Netflix cracking down on password sharing

Netflix is not only the most popular streaming service in the world, but it’s also arguably the number one network in the United States in terms of total hours of programming watched.


If you have a Netflix account you can view programming on your TV, computer, tablet, and phone. Your favorite shows are everywhere you are, with plans priced between $9 and $16 per month.  But the company is still losing out on a lot of money due to users sharing their passwords with folks who don’t have subscriptions – a whopping estimated $1.6 billion dollars a year.

That’s why the company is cracking down on password sharing. As part of the terms of service for a Netflix account, users agree not to share the password with anyone outside their household. That would include extended family, grown children, and friends. In fact, if you read those terms before you agreed to them, you’ll see that Netflix reserves the right to either cancel your account or put it on hold if they find you’ve been sharing it with people outside your household.

However, some studies show that up to 35% of people admit that they sometimes share their passwords. How would this crackdown work?

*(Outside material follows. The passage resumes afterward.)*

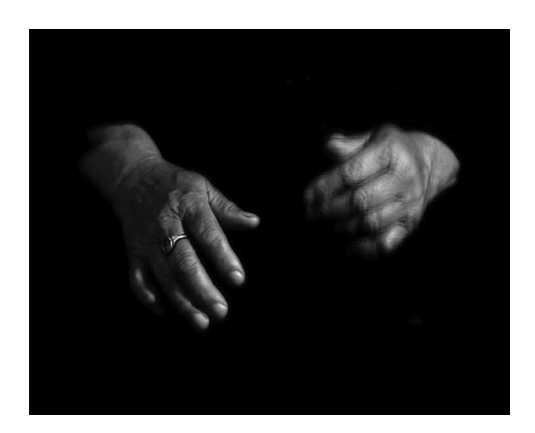
Figure 2. Hands on screen, first performing idle gestures.

The final At Hand narrative can be divided into four events. First, there are the anonymous hands, performing being-in-waiting as patterns of small gestures (Figure 2). Second, when the system becomes aware of the presence of the spectator, the pattern of the hand movements will change to communicate that awareness back to the subject, who has now become a participant in the narrative (Figure 3). Third, when the participant strokes the image of the hands on the multitouch screen, the hands will open gradually and reveal a close-up image of a small section of the hand (Figure 4). Fourth, the participant is able to explore the details of the hand by stroking the image (Figure 5).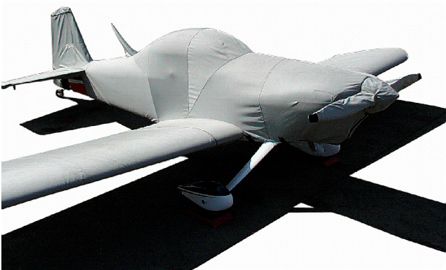
Van's RV-4 Complete Cover

Most likely, the company would use artificial intelligence to monitor login behavior.  For example, if the account holder lives in Pittsburgh and they continually see logins from Pittsburgh and Cleveland, they’ll know something is up.

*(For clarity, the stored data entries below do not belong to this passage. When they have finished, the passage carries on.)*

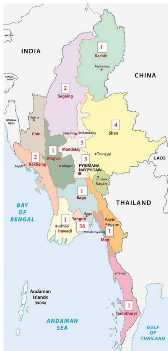
Figure 2 Distribution of physicians having fully vaccinated breakthrough infection according to their assigned states and divisions.

There are 14 States and Divisions in Myanmar. Seven States occupy hilly regions where they are less populated: Shan State, Kachin State, Chin State, Rachine State, Kayah State, Kayin State and Mon State. Seven Divisions are non-hilly areas; thus, they are densely populated favoring spread of epidemics: Yangon Division, Nay Pyi Daw Division, Mandalay Division, Sagaing Division, Bago Division,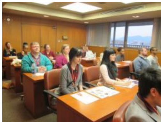
3/17 【Courtesy Call / Introduction of the Region】 Fukuoka Prefectural Governmental Office (Fukuoka City)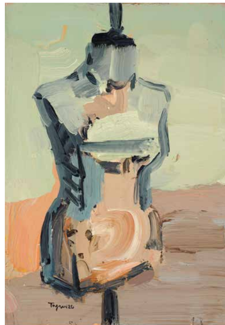
From the series Floral Dummies (2020) Acrylic on paper mounted on canvas, 42 x 30 cm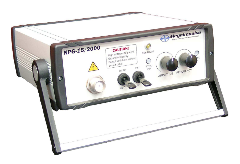
Fig.1. General view of NPG-15/2000(N) nanosecond pulse generator.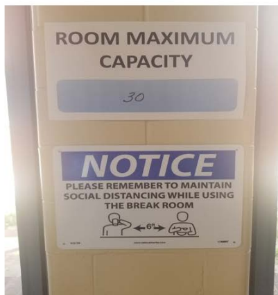
Social Distancing At WRRF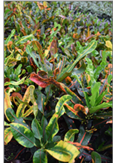
Mammy Croton in full

This is a dense herbaceous evergreen houseplant with an upright spreading habit of growth. Its wonderfully bold, coarse texture is quite ornamental and should be used to full effect. This plant should not require much pruning, except when necessary to keep it looking its best.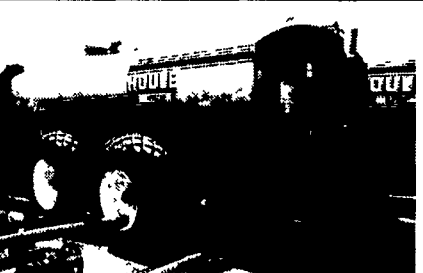
2000 Houle 3850 Gal., 23.1x26 Tires, Brakes & Lights, Rental.

Top Volume HOULE Dealer In North America

Or, if you are in the same city, they see logins from an unusual IP address.  Or even if a pattern of viewing or watching behavior seems out of sync with previous behavior.

Although Netflix hasn’t said anything along these lines, using a Netflix account you haven’t paid for is technically theft. And if you do it for a long period of time, you could be committing what amounts to grand theft. So if you’re letting someone use your password, it might be time to gently suggest they get their own account or consider giving them a Netflix gift card or just inviting them over to watch Stranger Things.

If you’re using someone else’s password, it’s time to shell out for your own account.